### ACTIVITY
From the data below, repeat exactly the lines from the line with "营运能力方面,2023年上半" to the line with "The meatballs are", both included.

** Opening SUPPLIED MATERIAL block **

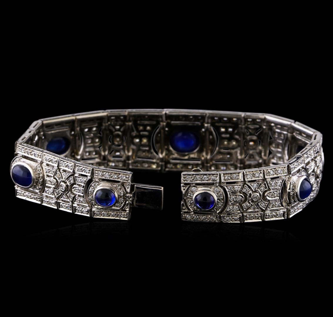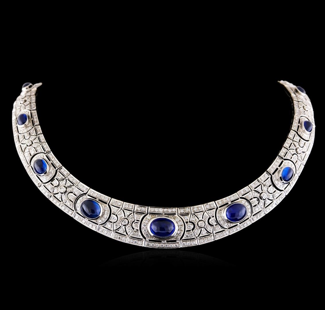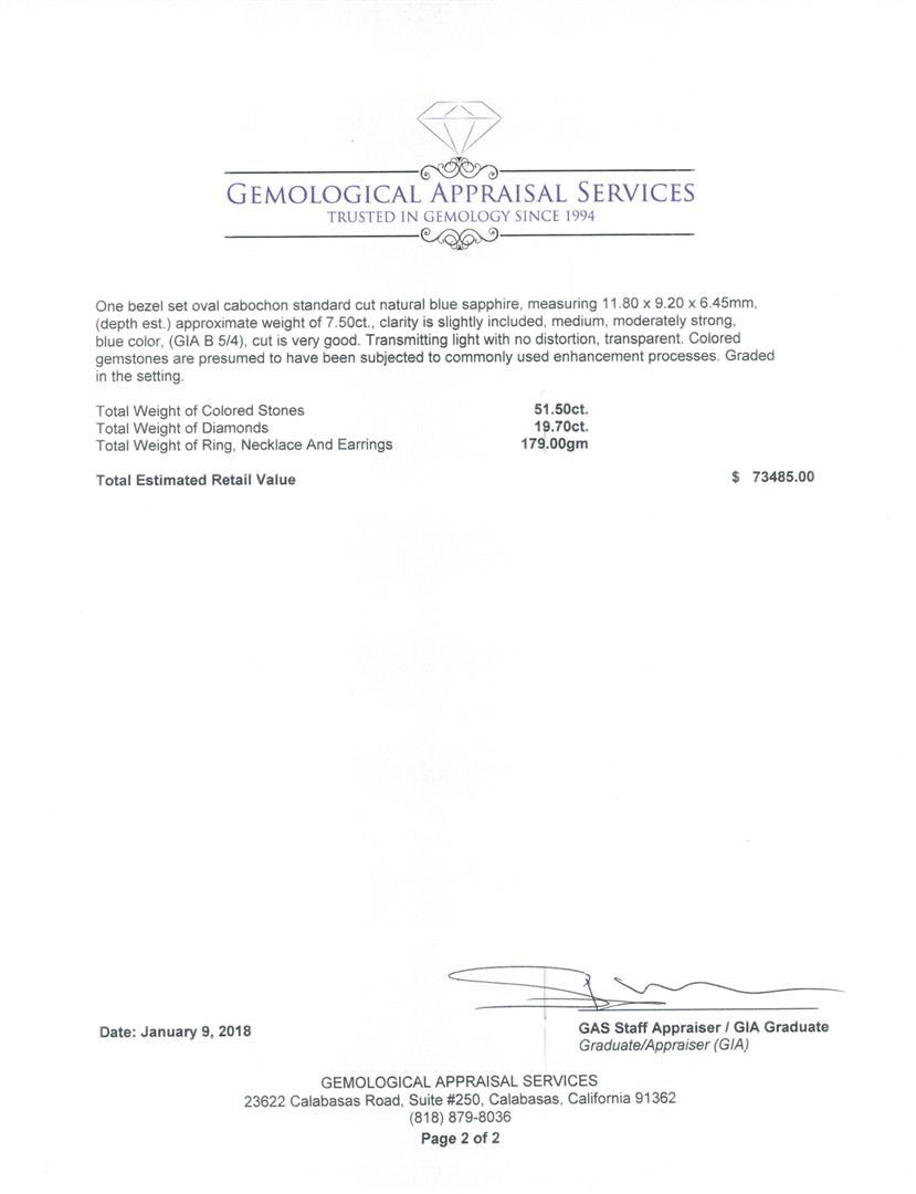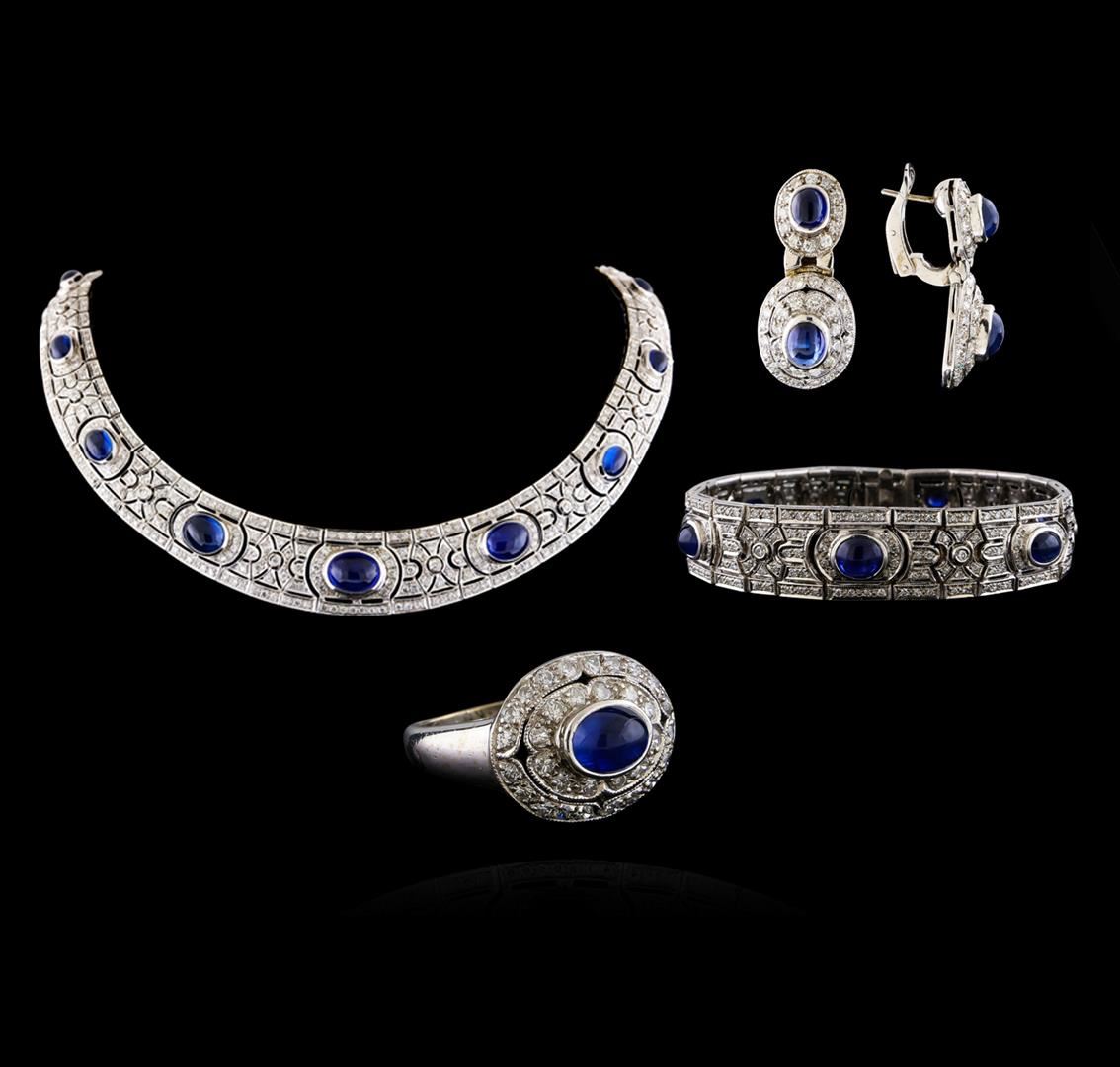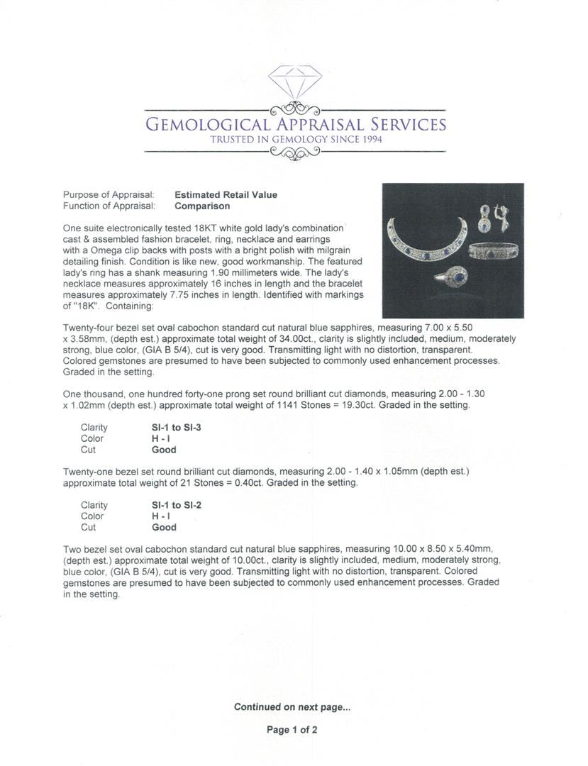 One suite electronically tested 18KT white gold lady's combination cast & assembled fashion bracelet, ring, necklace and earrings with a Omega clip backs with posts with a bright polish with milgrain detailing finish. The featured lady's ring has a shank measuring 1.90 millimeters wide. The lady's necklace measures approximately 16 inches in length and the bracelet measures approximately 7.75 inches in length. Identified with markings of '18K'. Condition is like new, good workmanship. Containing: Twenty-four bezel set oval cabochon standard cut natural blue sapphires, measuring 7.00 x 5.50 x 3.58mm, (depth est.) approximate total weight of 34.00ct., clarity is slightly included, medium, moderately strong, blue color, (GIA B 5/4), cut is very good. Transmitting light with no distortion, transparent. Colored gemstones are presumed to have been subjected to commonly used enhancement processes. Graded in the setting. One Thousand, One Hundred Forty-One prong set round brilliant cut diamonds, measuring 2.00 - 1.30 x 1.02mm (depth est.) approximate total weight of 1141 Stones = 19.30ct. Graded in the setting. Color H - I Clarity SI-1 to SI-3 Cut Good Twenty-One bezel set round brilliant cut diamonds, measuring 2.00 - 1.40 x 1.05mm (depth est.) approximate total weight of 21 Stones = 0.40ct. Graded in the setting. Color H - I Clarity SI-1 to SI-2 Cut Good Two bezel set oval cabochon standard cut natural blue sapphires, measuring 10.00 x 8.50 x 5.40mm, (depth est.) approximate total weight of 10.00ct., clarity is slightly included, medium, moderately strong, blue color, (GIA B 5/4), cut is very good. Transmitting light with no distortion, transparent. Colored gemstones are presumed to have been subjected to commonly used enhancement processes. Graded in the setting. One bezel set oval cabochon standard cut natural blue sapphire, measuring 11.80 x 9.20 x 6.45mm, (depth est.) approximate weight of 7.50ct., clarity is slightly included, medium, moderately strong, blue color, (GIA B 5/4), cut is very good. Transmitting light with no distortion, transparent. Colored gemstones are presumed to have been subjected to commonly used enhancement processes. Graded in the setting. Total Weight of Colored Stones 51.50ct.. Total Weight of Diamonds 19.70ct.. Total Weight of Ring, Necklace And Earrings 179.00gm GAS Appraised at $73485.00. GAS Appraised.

** Closing SUPPLIED MATERIAL block **
** Opening SUPPLIED MATERIAL block **

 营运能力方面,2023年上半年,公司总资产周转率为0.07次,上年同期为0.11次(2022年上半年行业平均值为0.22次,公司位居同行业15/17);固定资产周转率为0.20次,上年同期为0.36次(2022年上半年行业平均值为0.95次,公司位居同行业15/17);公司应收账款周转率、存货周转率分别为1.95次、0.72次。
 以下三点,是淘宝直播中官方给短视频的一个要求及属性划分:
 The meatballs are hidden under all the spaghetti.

** Closing SUPPLIED MATERIAL block **
** Opening SUPPLIED MATERIAL block **

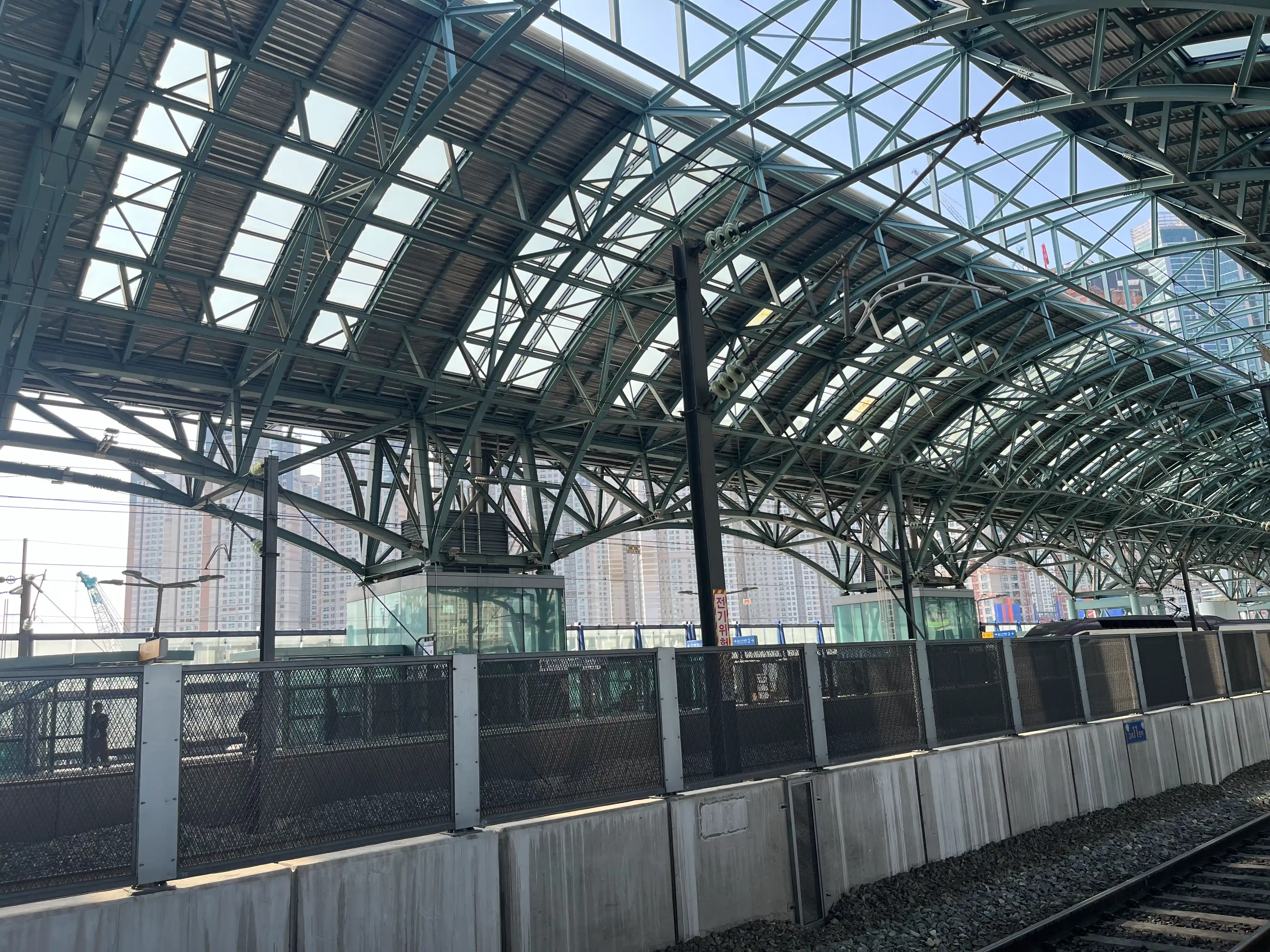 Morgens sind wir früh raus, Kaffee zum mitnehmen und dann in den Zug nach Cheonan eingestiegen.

** Closing SUPPLIED MATERIAL block **

### RESPONSE AREA
 营运能力方面,2023年上半年,公司总资产周转率为0.07次,上年同期为0.11次(2022年上半年行业平均值为0.22次,公司位居同行业15/17);固定资产周转率为0.20次,上年同期为0.36次(2022年上半年行业平均值为0.95次,公司位居同行业15/17);公司应收账款周转率、存货周转率分别为1.95次、0.72次。
 以下三点,是淘宝直播中官方给短视频的一个要求及属性划分:
 The meatballs are hidden under all the spaghetti.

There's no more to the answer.